Randomly Varying Bets at +TC

[vonQuux]

I have an idea for disguising advantage play based largely on bluewhale's earlier post...

As I understand it, raising bets as the count goes up and lowering bets when the counts go down is a dead-giveaway for a CC/AP. If a TC of one or greater means a net advantage over the house, why not incorporate a random multiplier/divisor into the bet?

Normally, when it comes time to bet, you determine your RC, calculate your TC, subtract 1 and that gives you the bet unit multiplier. If your bet unit is $10 and your multiplier is 3, you'd be $30, etc, etc.

Just for visualization purpose, suppose you had a 7-sided with you but instead of 1-7 on the dice, you'd have -3 through +3 (-3, -2, -1, 0, 1, 2, 3). At any multiplier >=1, you'd roll the dice and adjust your bet accordingly.

This means that sometimes you'd start with unit multiplier of 4, roll the dice, get -2 and wind up placing a $20 bet. Other times you'd start with a unit multiplier of 2 and roll +3 and be betting $50.

How does this effect the game in total?

1) Your betting appears chaotic during the short-term (ie, the time during which you're being observed for AP). Sometimes you're at an advantage and betting flat, sometimes you're at barely a positive count and betting 3x your unit. Over time, however, your average roll will be zero and therefore your bets will be unchanged.

2) Of course this will have the undesired effect of amplifying standard deviation like a b*tch. Yes, you'll wind up with the same +/- over the very long haul but in the short term, it'll be a roller coaster.

Then there is the practical matter of how to perform a dice roll at the table. That's not too hard. During each round of play, remember the first card that hits the table between, say, 1-7 (count ace as a "1") and subtract 4 from that number. 1 would become -3, 7 would become +3. If no A-7 cards come into play on the round proceeding your bet, just use zero and leave your bet unchanged.

My thinking here is to break up the somewhat linear relationship between count and bets.

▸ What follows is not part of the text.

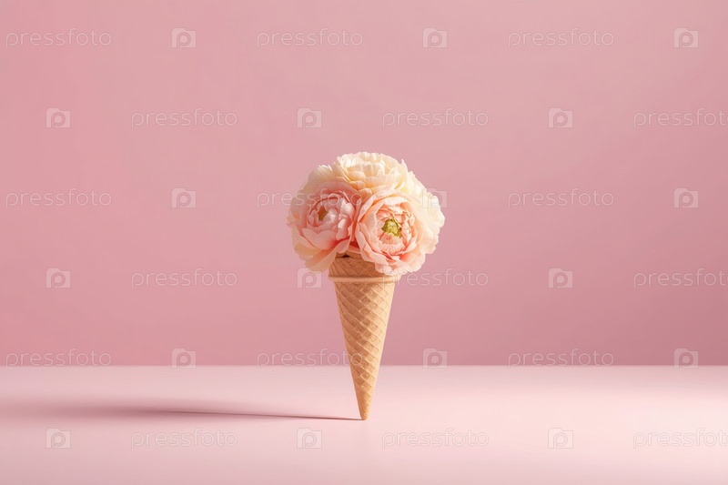 Минимальная студийная фотография. Вафельный конус. Наполненный тонкими пастельными цветами, напоминающими пионы или розы, с многослойными лепестками в мягких розовых и персиковых оттенках на розовом фоне

OK, I put on my asbestos jammies, flame away! :whip:

vQ

 

[EasyRhino]

As I understand it, raising bets as the count goes up and lowering bets when the counts go down is a dead-giveaway for a CC/AP.

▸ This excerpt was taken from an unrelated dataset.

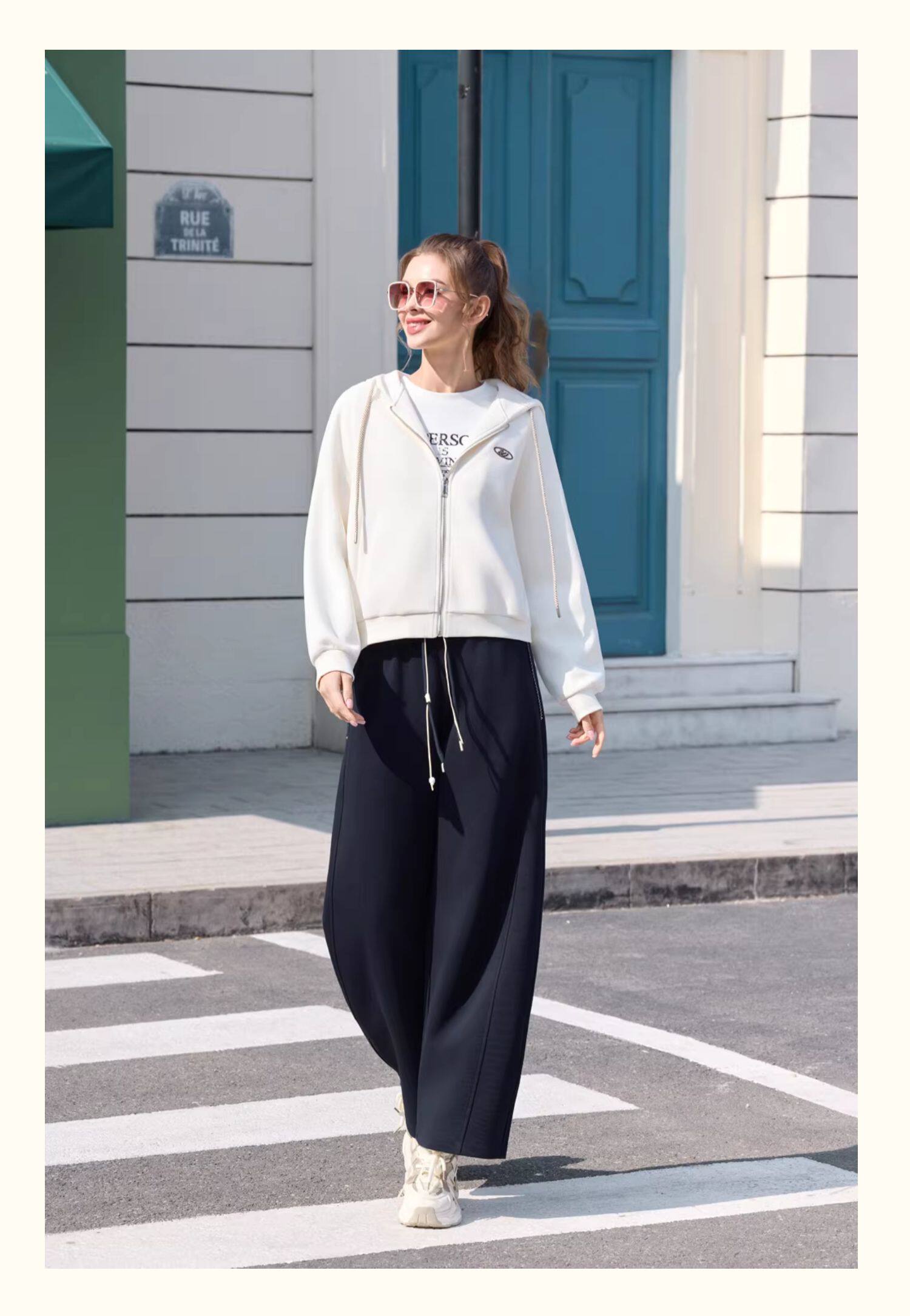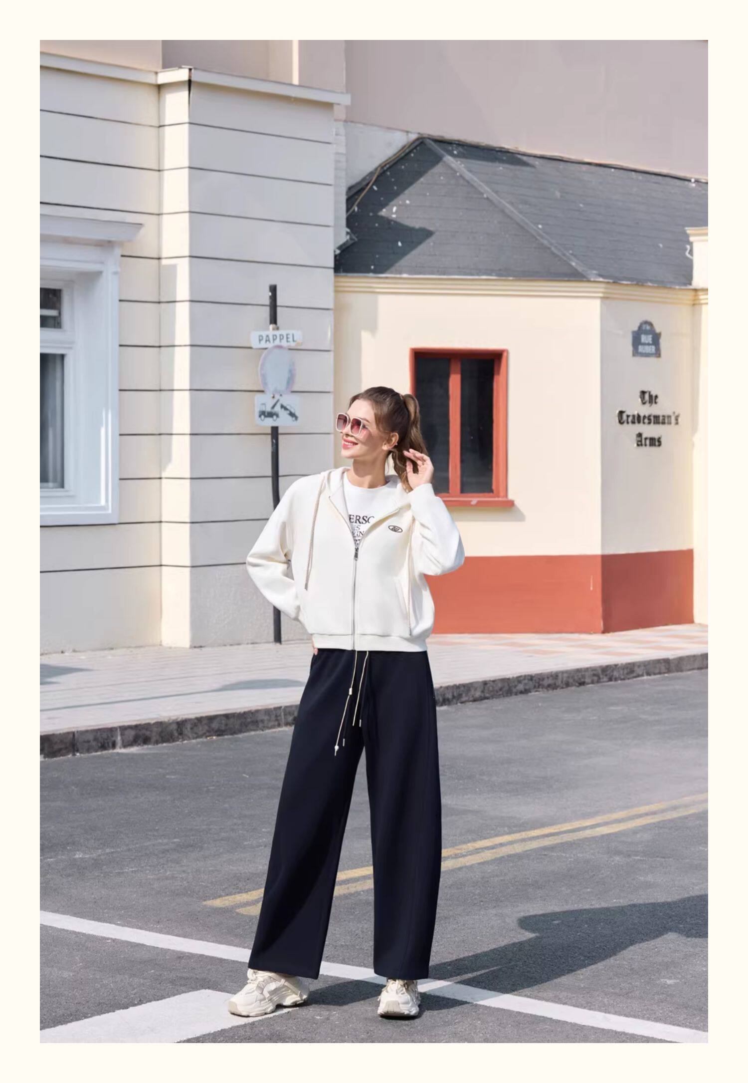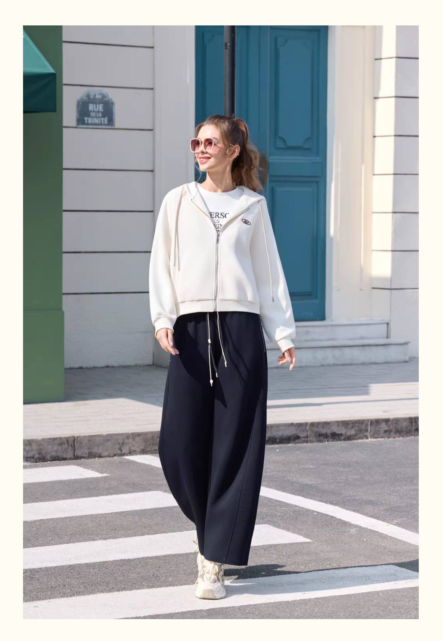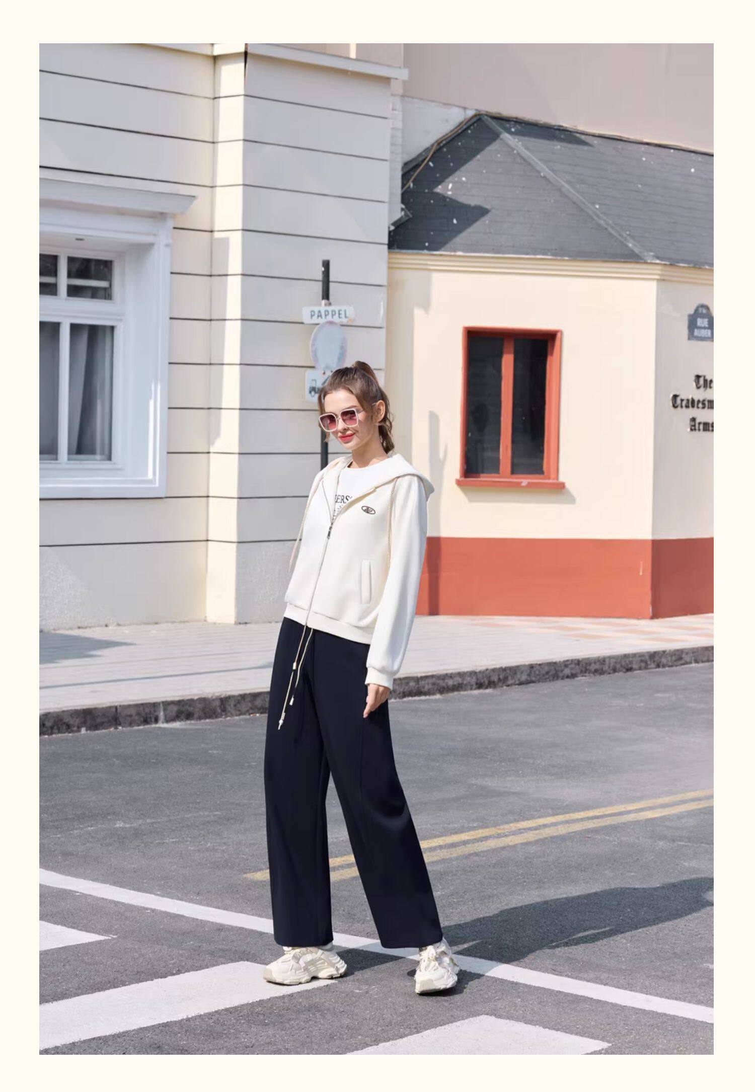 半身缘女装 春季潮流宽松精致刺绣拉链连帽卫衣261113P08040027

True, but also bear in mind that this is the fundamental tenant of card counting. If you're not raising your bets at high counts and lowering them at low counts, then you're not card counting.

2) Of course this will have the undesired effect of amplifying standard deviation like a b*tch. Yes, you'll wind up with the same +/- over the very long haul but in the short term, it'll be a roller coaster.

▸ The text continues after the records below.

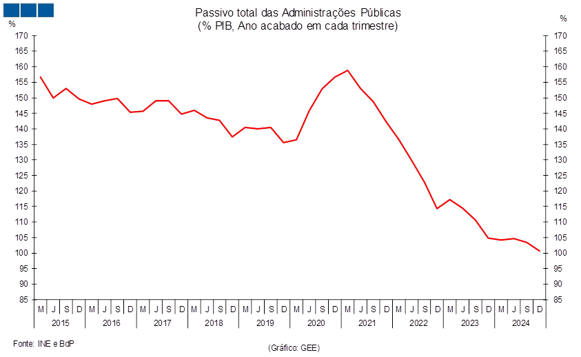 Em dezembro de 2024, o Passivo Financeiro das Administrações Públicas fixou-se em 100,6% do PIB (286 974 milhões de euros). Em percentagem do PIB, trata-se de uma diminuição de 2,8 p.p. face a setembro de 2024 (103,4%).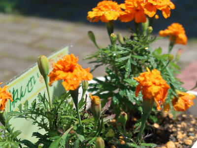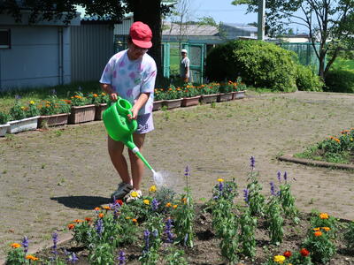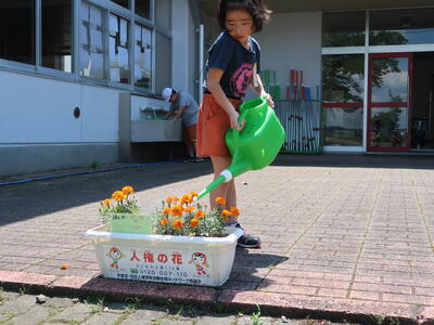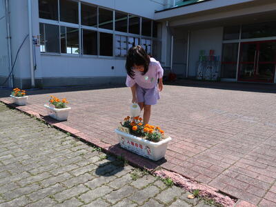 昇降口前の人権の花に水やりです。大きく元気に育ってます。ありがとう。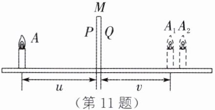 11. 露露用一块较厚的玻璃板M来探究平面镜的成像特点,如图所示,图中像$A_1$与像$A_2$是一次实验中同时看到的两个像,它们的大小$ (A_1$较大/相等$/A_2$较大),其中$A_1$是蜡烛通过玻璃板的P面所成的像。露露按照图中的测量方法,测得u= 4.2cm,v= 3.9cm,可以推算像$A_1$与像$A_2$之间的距离为 cm。
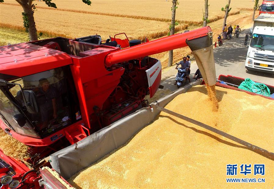 6月8日,在河北省南和县闫里乡闫里村,农民将收获的小麦装车(无人机照片)。“三夏”期间,河北省预计组织和调度小麦联合收割机、拖拉机、夏玉米播种机等200万台农业机械投入作业。新华社记者 朱旭东 摄

Do not underestimate the impact of this. Most of us like to avoid ruining an entire bankroll.

I can't sim this right, but for giggles I fooled around in powersim.
Playing a 6D game, play-all, with a $10-$100 (roughly linear) spread, with a max $100 bet at TC +5, and a $10,000 bankroll, you end up with a win rate of $8 per 100 hands, variance of 997, and a risk of ruin of almost 20%. (I'll admit this "base game" is super-weak, and not recommended anyway)

But, sim the same game, with a $10-100 spread, but some of the high bets are in the "wrong" place at different + counts. (in the sim, these wrong bets ALWAYS done at the same count). Win rate drops to $6 per 100 hands, variance is 1060, and risk of ruin is now 32%.

 

[vonQuux]

True, but also bear in mind that this is the fundamental tenant of card counting. If you're not raising your bets at high counts and lowering them at low counts, then you're not card counting.

I'd still be raising and lowering bets to reflect the count but it would appear chaotic and erratic during an observable span of play, not methodical like a CC'er. I can't do a rote example since this would play out long-term but you'd be overbetting (in proportion to what the TC dictates) sometimes, you'd be underbetting sometimes, but on average you'd be betting the correct amount.

Suppose you're at TC +5 or whatever. Minus one gives you 4x your bet unit. If I'm doing $10 units, that means the count would call for a bet of $40. Sometimes my random card would push me down to $20. Sometimes I'd lose that bet (yay!, I lost less) and other times I'd win it (boo!, didn't win as much). On the other hand, sometimes the random card would push me up to $40 and the reverse logic would occur.

But if my random modulator is truly random, I'm speculating that after thousands of hands, I'd come out to the same amount.

The upside is that I'd decrease heat. The downside is that I increase short-term volatility.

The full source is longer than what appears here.